◆ What needs to be done ◆
Reproduce, exactly and only, the lines of the data that follows from the one containing "1x viltkegel |" down to the one containing "新金融工具準則(IFRS9)減值系統采購競爭性磋商成交公告", without pictures.

◆ Supplied records ◆
-- -- --
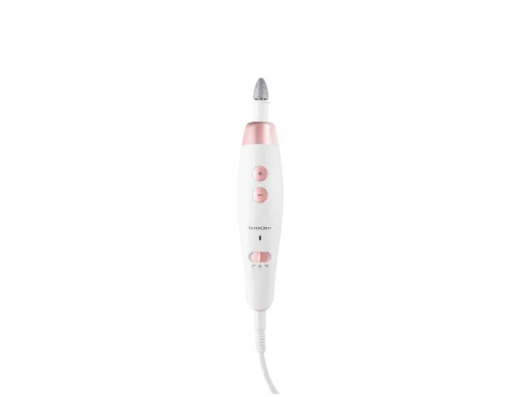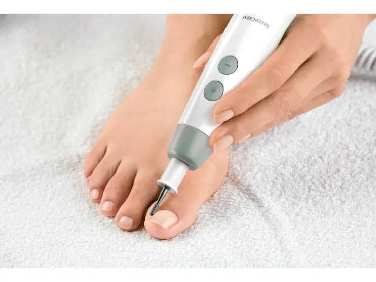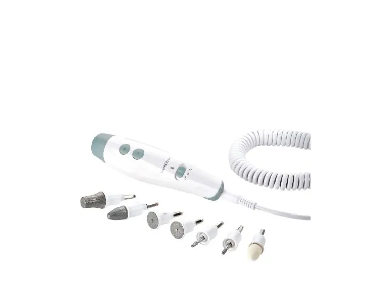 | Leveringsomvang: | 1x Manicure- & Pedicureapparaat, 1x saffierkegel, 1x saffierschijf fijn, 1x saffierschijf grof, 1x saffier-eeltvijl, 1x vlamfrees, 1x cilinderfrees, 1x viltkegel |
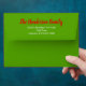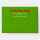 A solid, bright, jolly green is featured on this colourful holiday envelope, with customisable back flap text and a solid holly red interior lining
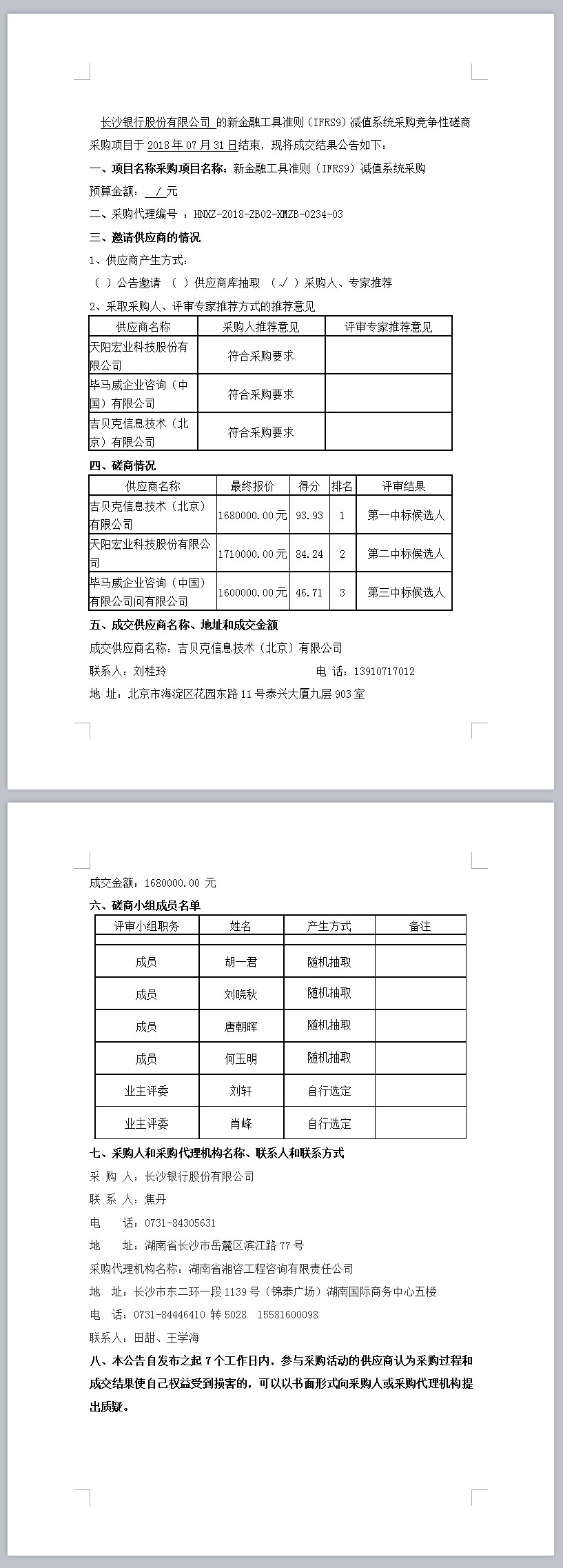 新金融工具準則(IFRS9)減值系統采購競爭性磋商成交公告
-- -- --
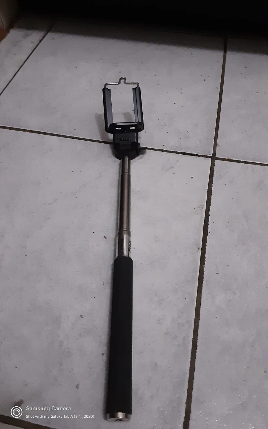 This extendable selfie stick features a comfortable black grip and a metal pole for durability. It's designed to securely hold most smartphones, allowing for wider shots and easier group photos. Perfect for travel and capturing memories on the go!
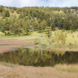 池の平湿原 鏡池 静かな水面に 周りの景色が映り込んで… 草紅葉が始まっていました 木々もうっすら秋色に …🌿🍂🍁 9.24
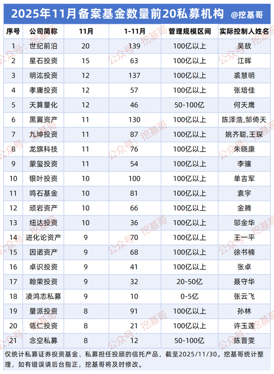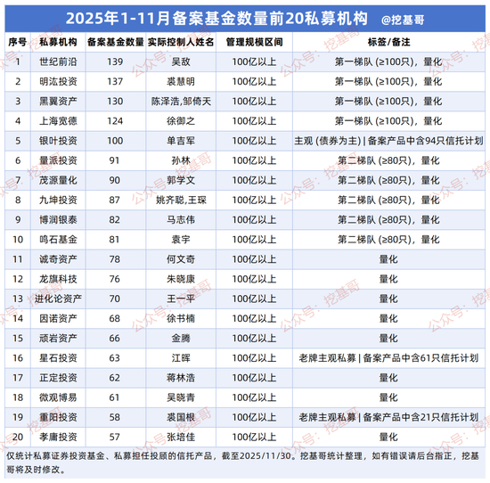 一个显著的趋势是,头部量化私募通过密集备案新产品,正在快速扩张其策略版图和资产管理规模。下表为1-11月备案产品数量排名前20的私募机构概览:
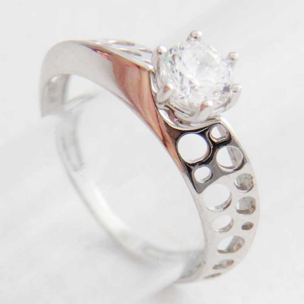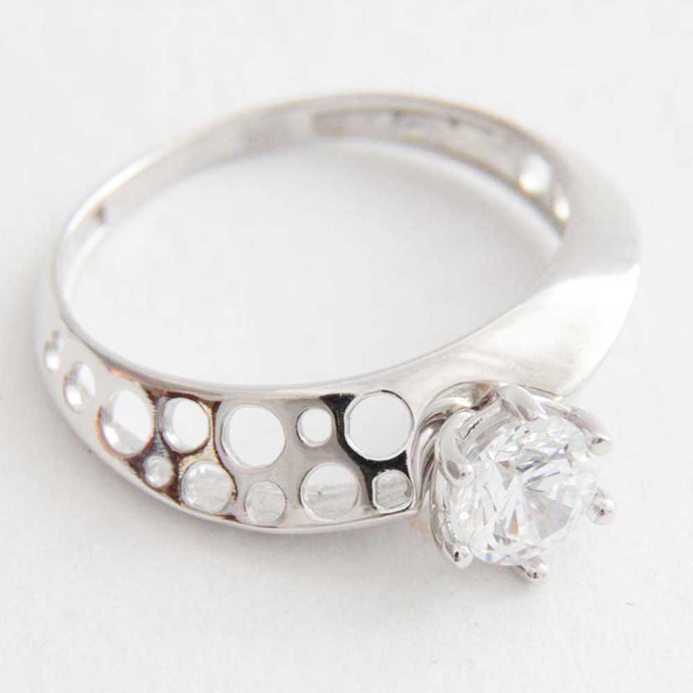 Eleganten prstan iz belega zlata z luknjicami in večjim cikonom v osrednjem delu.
-- -- --
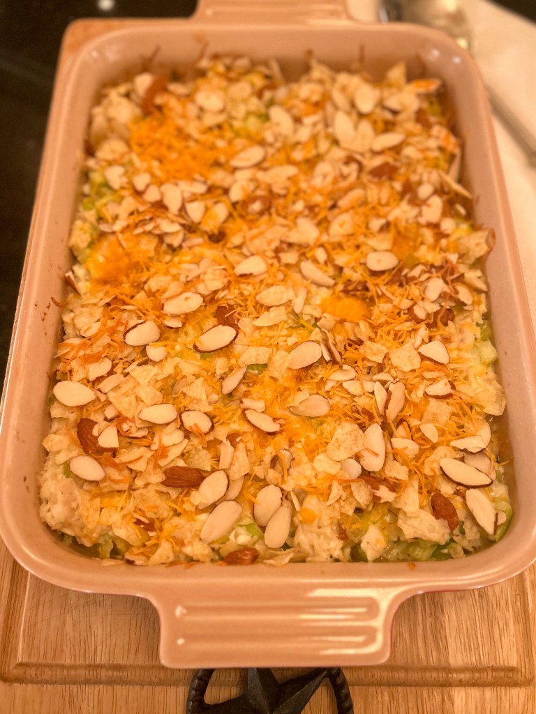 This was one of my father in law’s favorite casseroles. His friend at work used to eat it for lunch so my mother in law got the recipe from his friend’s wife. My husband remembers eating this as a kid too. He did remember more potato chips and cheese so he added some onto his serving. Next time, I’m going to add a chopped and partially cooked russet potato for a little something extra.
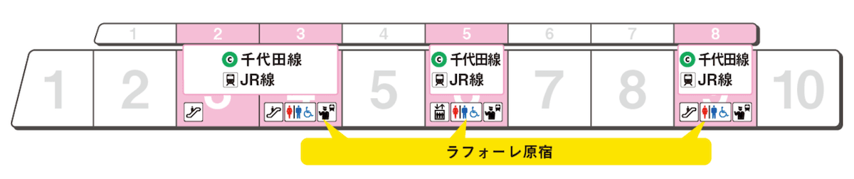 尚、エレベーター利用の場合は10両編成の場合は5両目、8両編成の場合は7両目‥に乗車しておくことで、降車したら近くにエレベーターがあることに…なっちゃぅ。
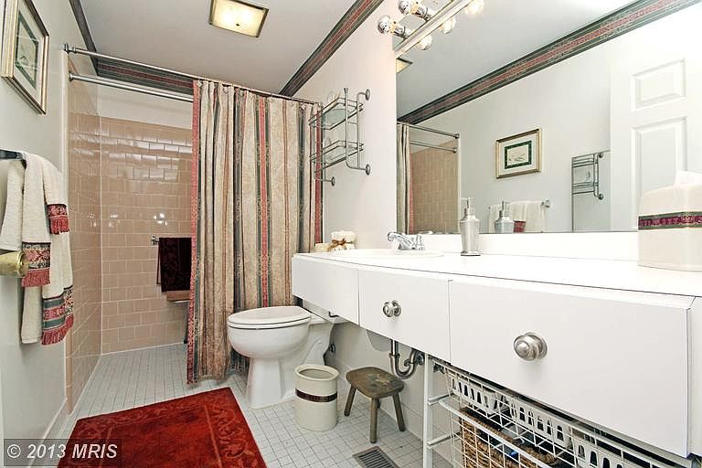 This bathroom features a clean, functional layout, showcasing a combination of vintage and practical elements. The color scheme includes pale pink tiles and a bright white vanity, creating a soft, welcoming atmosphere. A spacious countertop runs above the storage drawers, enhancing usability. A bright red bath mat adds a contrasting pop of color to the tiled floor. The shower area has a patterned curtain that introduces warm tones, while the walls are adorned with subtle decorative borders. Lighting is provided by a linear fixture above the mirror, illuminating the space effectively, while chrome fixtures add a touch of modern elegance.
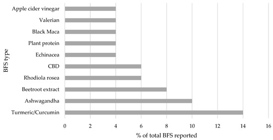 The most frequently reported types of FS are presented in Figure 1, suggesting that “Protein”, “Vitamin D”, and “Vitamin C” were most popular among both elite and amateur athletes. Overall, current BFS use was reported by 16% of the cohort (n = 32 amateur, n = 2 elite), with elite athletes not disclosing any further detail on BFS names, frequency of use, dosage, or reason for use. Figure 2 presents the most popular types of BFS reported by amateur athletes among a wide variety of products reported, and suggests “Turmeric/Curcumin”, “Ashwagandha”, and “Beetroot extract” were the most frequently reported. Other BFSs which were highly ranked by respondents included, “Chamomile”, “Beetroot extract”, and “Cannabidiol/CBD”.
-- -- --
◆ Solved problem ◆
 | Leveringsomvang: | 1x Manicure- & Pedicureapparaat, 1x saffierkegel, 1x saffierschijf fijn, 1x saffierschijf grof, 1x saffier-eeltvijl, 1x vlamfrees, 1x cilinderfrees, 1x viltkegel |
 A solid, bright, jolly green is featured on this colourful holiday envelope, with customisable back flap text and a solid holly red interior lining
 新金融工具準則(IFRS9)減值系統采購競爭性磋商成交公告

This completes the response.